Protocol for Conducting a Scoping Review on The Use of AI in Automated Scoring of Short-Answer Questions in Medical Education

Assessment in medical education

Assessment is a central component of medical education, serving to evaluate learners’ knowledge, skills, and attitudes through both formative and summative assessment methods (Schuwirth & van der Vleuten, 2020; Yudkowsky et al., 2019). Effective assessment not only guides and motivates students’ learning but also provides an essential mechanism for determining whether they have attained the competencies required of medical professionals.
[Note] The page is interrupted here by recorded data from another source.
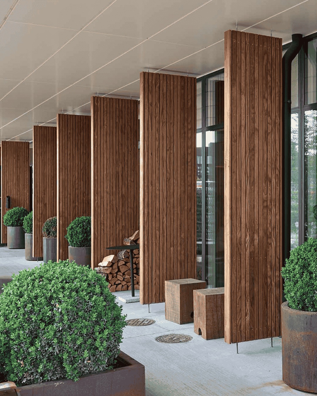 Vulcan Screening is created from thermally modified New Zealand plantation timber and engineered with a vertical grain construction for superior weathering characteristics.
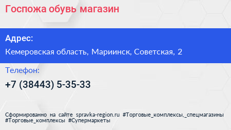 Госпожа обувь, магазин по адресу Кемеровская область, Мариинск, Советская, 2 в дальнейшем Организация, размещена в следующих категориях:
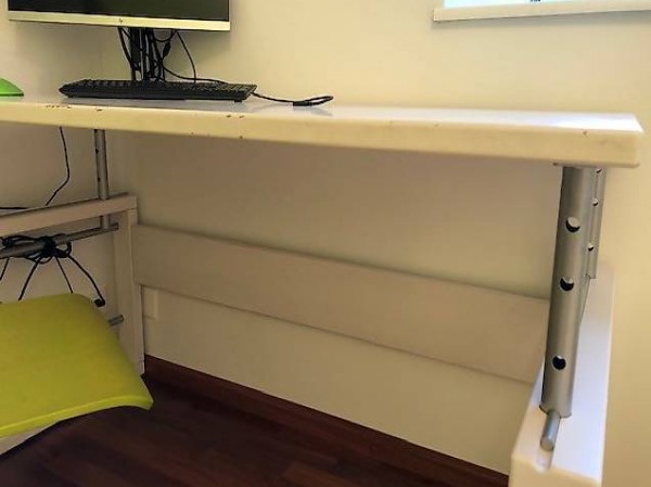 - Stabiler, manuell höhenverstellbarer Schreibtisch aus Massivholz (weiss/matt)
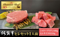 【A5ランク 超希少部位】佐賀牛 ヒレセット 1人前 ( シャトーブリアン 100g+ヒレ サイコロステーキ 250g ) 【山下牛舎】 [HAD096]
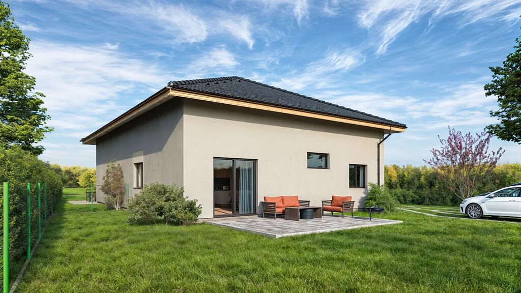 Z obývacího pokoje výjdete francouzskými dveřmi dostanete na vlastní oplocenou zahradu s terasou. Dům se nachází v nové lokalitě obklopující se novou výstavbou rodinných domů.

Medical schools employ a range of assessment strategies to monitor students’ progress in acquiring core knowledge and clinical competencies (Norcini et al., 2018; Shumway & Harden, 2009). Common assessment methods used in medical education include Multiple-Choice Questions (MCQs), Modified Essay Questions (MEQ), Short Answer Questions (SAQs), Objective Structured Clinical Examination (OSCE) and Key Feature Problems (KFPs) (Boursicot et al., 2018; Jolly & Dalton, 2018). Assessing students’ learning is therefore fundamental to ensuring high-quality medical training, and the choice of assessment method directly influences the breadth and depth of knowledge or skills that can be evaluated (Preston et al., 2020). Crucially, each assessment method must be aligned with the targeted competencies, the instructional approaches used, and the desired impact on student learning (Yudkowsky et al., 2019).

Short answer questions vs MCQ’s

Multiple-choice questions (MCQs) and SAQs are among the commonly used written assessment formats in medical education (Jolly & Dalton, 2018; Preston et al., 2020; Shumway & Harden, 2009). MCQs, in which students select a response from predetermined options, are widely favored because they allow broad sampling of content, assess a wide range of knowledge areas efficiently, and facilitate rapid, objective grading (Jolly & Dalton, 2018; Schuwirth & Van Der Vleuten, 2004). Although MCQs effectively evaluate recall, recognition, and factual knowledge, they have been criticized for their limited ability to promote critical thinking or accurately assess deeper mastery of subject matter (Schuwirth & Van Der Vleuten, 2004). Their reliance on recognition-based answering may discourage deep learning and higher-order reasoning, making it challenging to determine whether students have truly internalized the material (Schuwirth & Van Der Vleuten, 2004; Shumway & Harden, 2009).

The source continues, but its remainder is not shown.